◆ INFORMATION GIVEN
-------

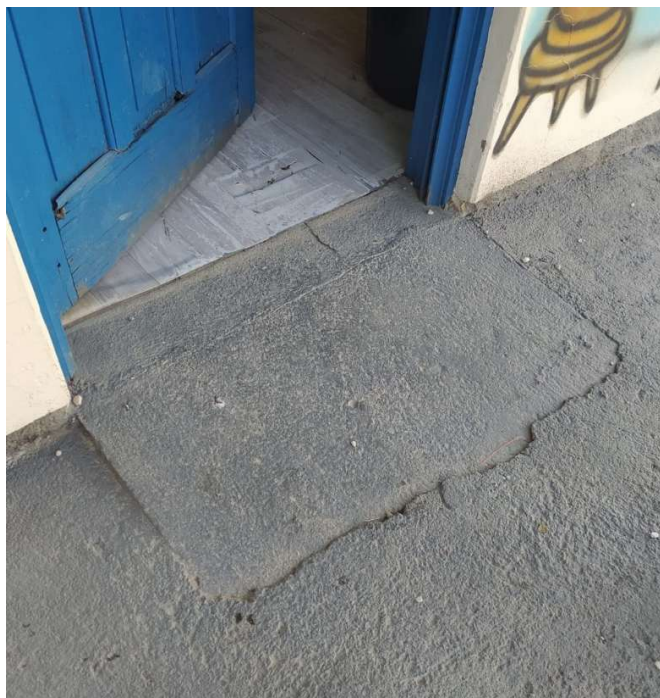
Figura 6 – Rampa deteriorada a ser regularizada

Praça Leonardo Sell, 40 – Fones: (48) 3275-3100 / Fax: (48) 3275-0472 - CEP 88470-000 Centro – Rancho Queimado – Santa Catarina – e-mail: pmrq@intergate.com.br CNPJ 82.892.357/0001-96
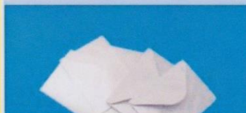
ENVELOPPES BLANCHES, PAPIERS DIVERS
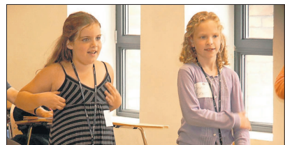
Spannung: Kindercasting für das Musical EVITA.
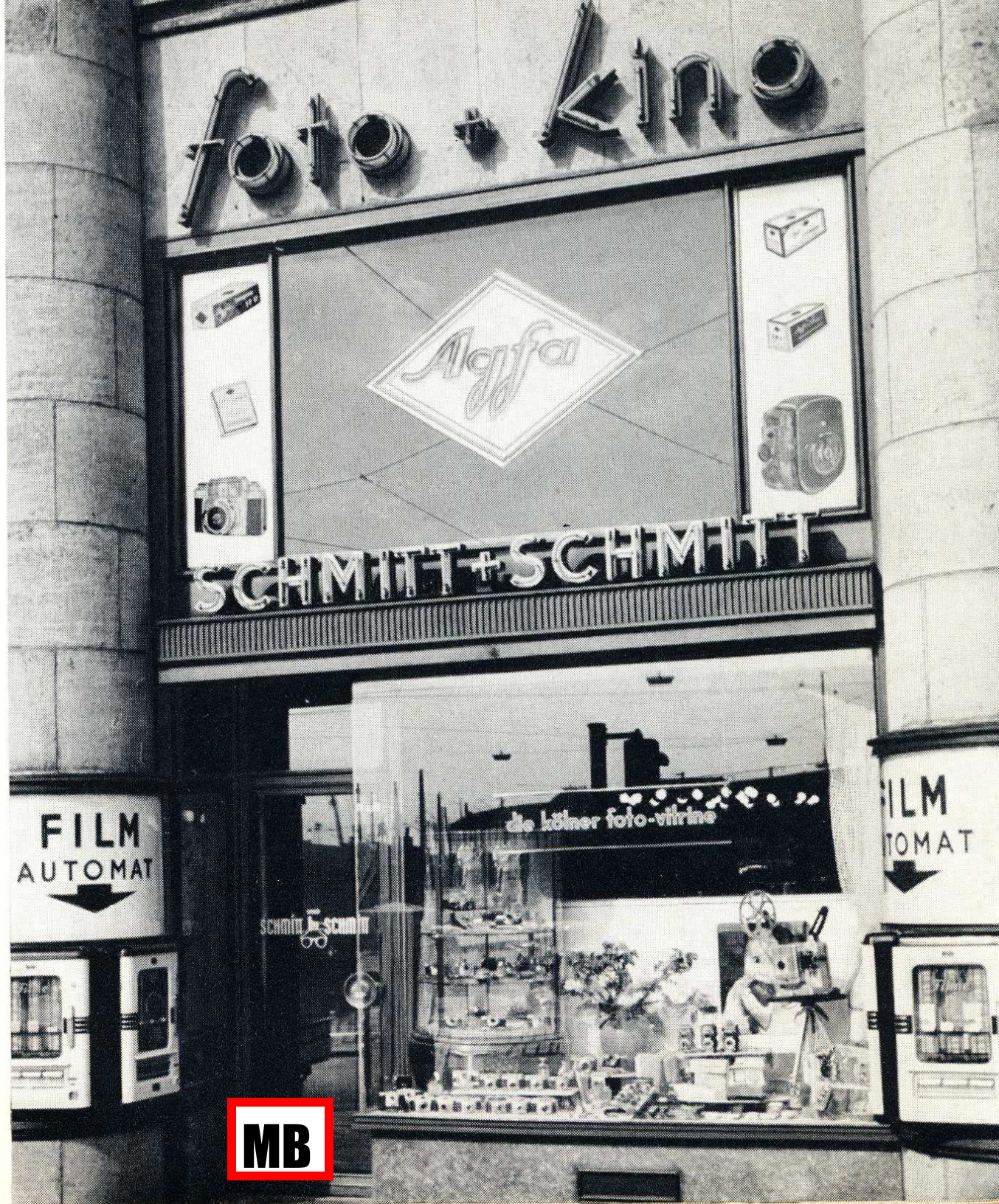
Wie immer: Achten Sie auf den Doppelnamen Schmitt & Schmitt
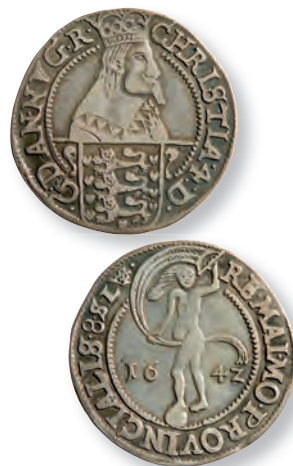
Den foreløbigt unikke, type T2. Bemærk det lidt "primitive" portræt.

Omskrifterne skal ikke gengives her, da de fremgår af stempeltegningerne. Hvad angår forsidestemplerne anvendes samme tekst på alle stempler med den undtagelse, at kongens nummer – som tidligere nævnt – i 1642 ændres fra IIII til 4. For bagsidestemplernes vedkommende forkortes teksten i 1642, ligesom værdiangivelsen VIII ændres til 8 og forkortelsen LS (= lybsk skilling) vendes om til SL (= skilling lybsk) 19 .
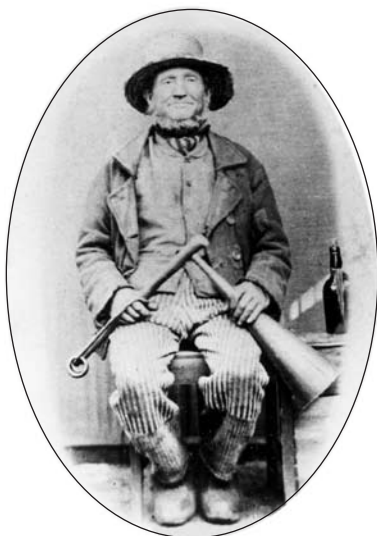
Hören i Skanör på 1870-talet med lur och ringstav.
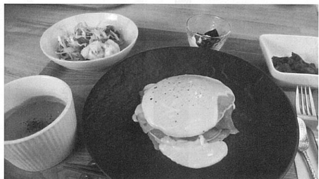
チーズメルトパンケーキランチ
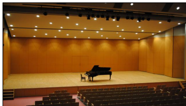
ルネこだいら中ホール
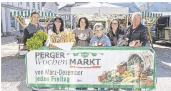
Der Perger Wochenmarkt lockt mit regionalen Köstlichkeiten.

Die Nähe macht den Unterschied: Man trifft sich beim Wochenmarkt in Perg, tauscht Rezepte aus und nimmt ein Stück echte Heimat mit nach Hause. Die Marktbesucher schätzen am Perger Wochenmarkt die Lebensmittel, zu deren Geschichte sie mit den Anbietern persönlich
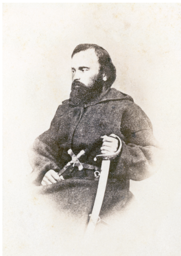
Nierozpoznany powstaniec styczniowy (opisywany jako ks. Antoni Mackiewicz), 1863, autor fotografii nieznaną; w zbiorach MHK, nr inv. MHK-Fs4452/IX/36
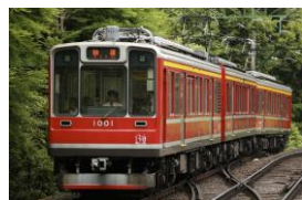
B1 (1001) レーティッシュ鉄道塗装 [1999年～]
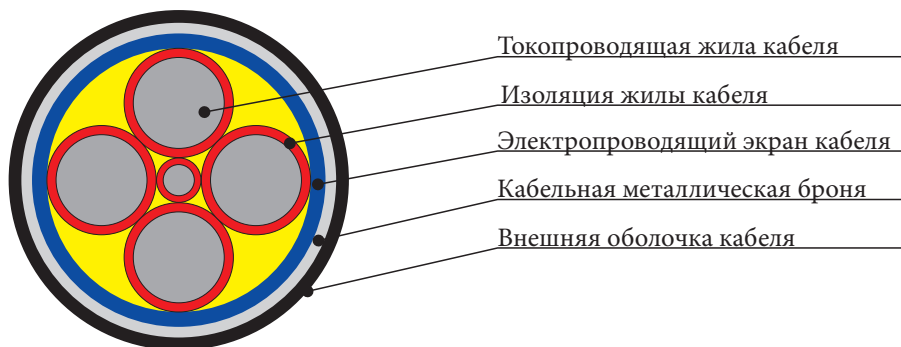
Рис. 3. Кабель с жилами круглого сечения (четыре основные жилы и одна нулевая жила круглого сечения)

\alpha — угол сектора (например, для трехжильного кабеля \alpha = 120^\circ , для четырехжильного кабеля \alpha = 90^\circ ), град.
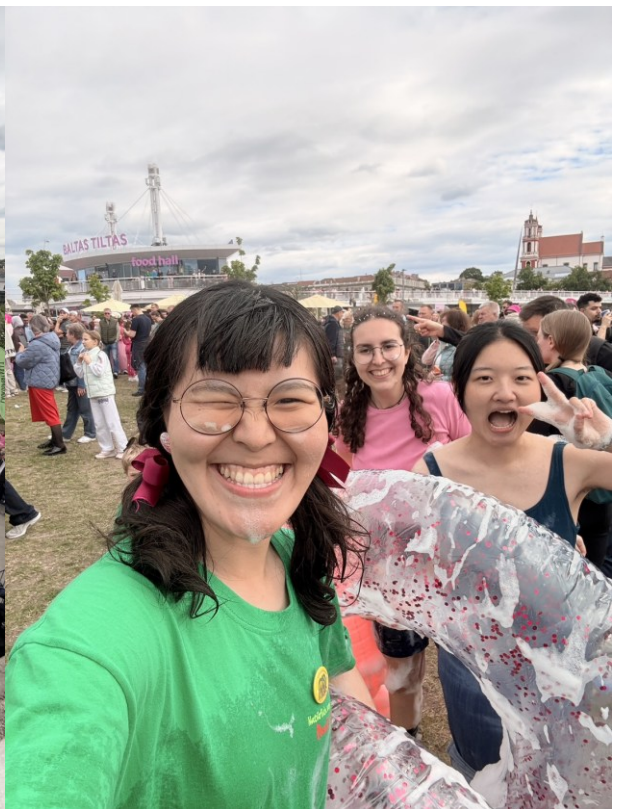
2/11 立陶宛獨立日的篝火儀式、5/29-31 立陶宛粉紅湯節活動
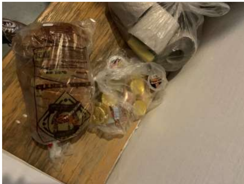
13. számú kép: Kenyér és tisztasági csomag
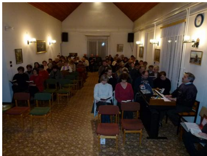
Evangélikus gyülekezeti terem
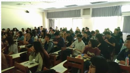
同學們聆聽教學助理報告的狀況
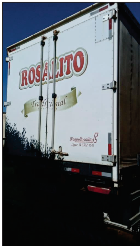
ITEM 036 - SEMI-REBOQUE FURGÃO FACCHINI PLACA: FHL-7257
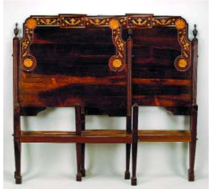
38 PAR DE CAMAS D. MARIA EM PAU SANTO COM EMBUTIDOS, portuguesas, séc. XVIII, pequenas faltas e defeitos Dim. - 152 x 197 x 108 cm € 3.000 - 4.500
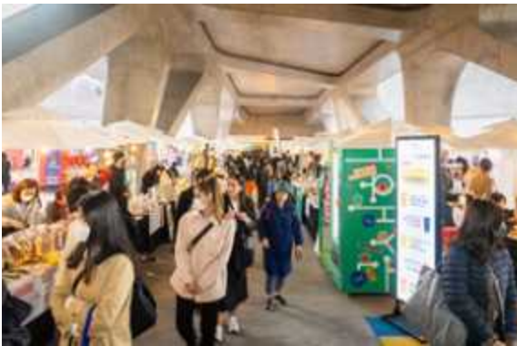
[서울디자인 2022] 디자인마켓
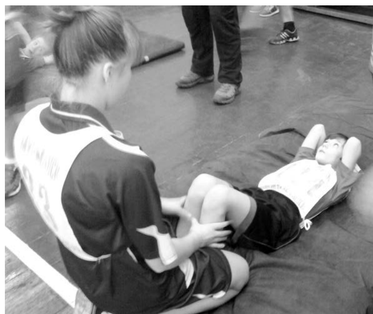
И в командном, и в личном зачете наши спортсмены были одними из лучших.
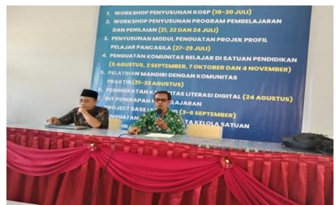
Gambar 2. Identifikasi Kesiapan Sekolah

Proses perencanaan projek P5 ditemukan data bahwa SMA Negeri 1 Praya Tengah telah melakukan identifikasi kesiapan sekolah dengan melakukan sosialisasi guru, workshop, diskusi antar guru, kolaborasi, dan penguatan literasi dengan memanfaatkan sarana dan prasarana yang telah tersedia di sekolah.
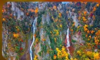
น้ำตกกิงกะ และน้ำตกริวเซ
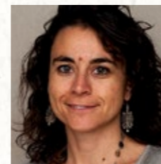
Leitung: Silke Weiß
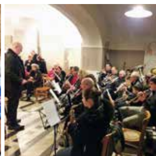
NESLE / P9 Fête de la Sainte-Cécile
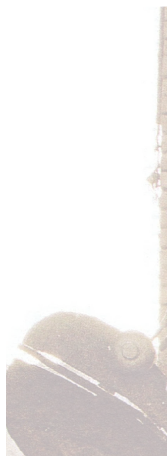
7 Voir, par exemple, Varela (1989).

Depuis longtemps, les écologistes et les biologistes ont observé que « les organismes vivants ont réellement besoin de facteurs aléatoires dans l'environnement, sans lesquelles ils ne peuvent pas vivre » (Hutchinson, 1952, p. 644). Ils ont observé que toute turbulence dans l'environnement fournit aux organes de perception un niveau minimum d'activité qui suffit à les maintenir en fonction. Ainsi, afin de se maintenir en fonction, le système auditif ( pars pro toto
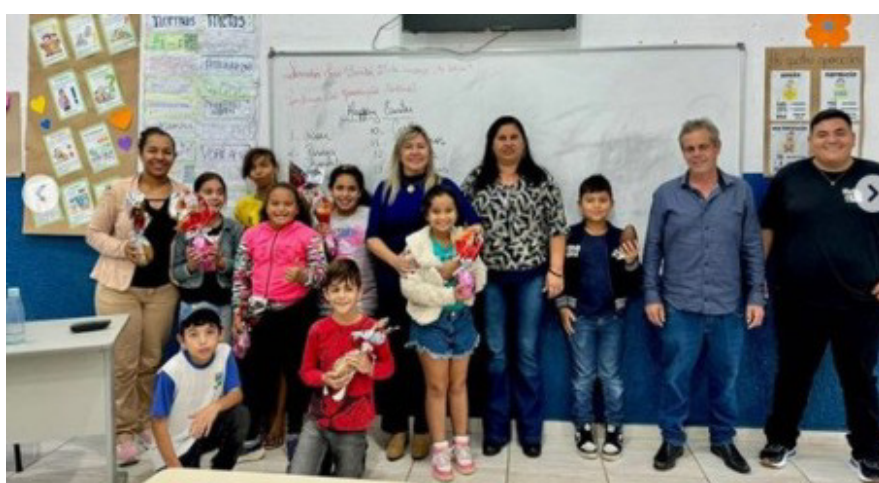
Entrega dos Ovos de Páscoa

Alunos da Rede Municipal de Ensino de Senador José Bento ganham Ovos de Páscoa
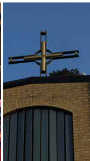
Klocktornet till St Lukas kyrka i Kallhäll.
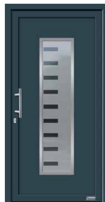
Haustürmodell „Argo 6E“, mit Edelstahlgriff „Maike“ 330 mm lang, Glas „Liverpool“

Wegen der Ziernuten nur in Alu-RAL, oder in Kunststoff weiß lieferbar !
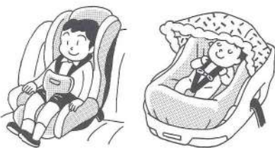
幼児用シート (4か月～4歳)
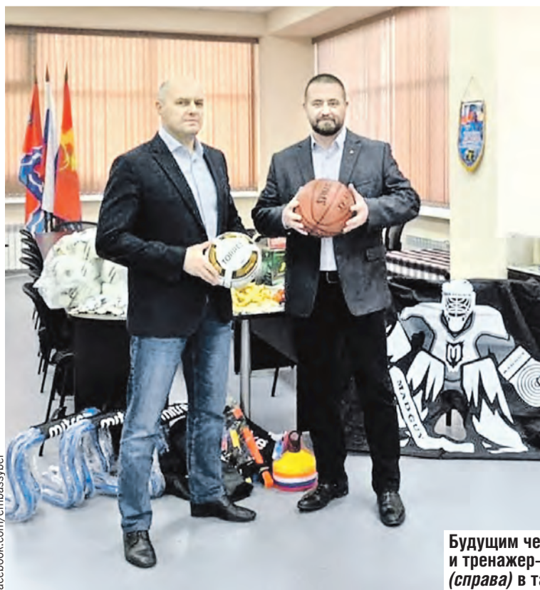
Будущим чемпионам перепали мячи, клюшки и тренажер-голкипер. Директор спортшколы (справа) в такое счастье даже не верил.

SOUZVECHE.RU КАКИМ ОБРАЗОМ БИЗНЕС СОЮЗНОГО ГОСУДАРСТВА ПОМОГАЕТ ОБРАЗОВАНИЮ И СПОРТУ – НА НАШЕМ САЙТЕ

-------

◆ WHAT YOU SHOULD DO
Copy exactly the lines above, from the one containing "Будущим чемпионам перепали" through the very last line.

◆ ANSWER SECTION
Будущим чемпионам перепали мячи, клюшки и тренажер-голкипер. Директор спортшколы (справа) в такое счастье даже не верил.

SOUZVECHE.RU КАКИМ ОБРАЗОМ БИЗНЕС СОЮЗНОГО ГОСУДАРСТВА ПОМОГАЕТ ОБРАЗОВАНИЮ И СПОРТУ – НА НАШЕМ САЙТЕ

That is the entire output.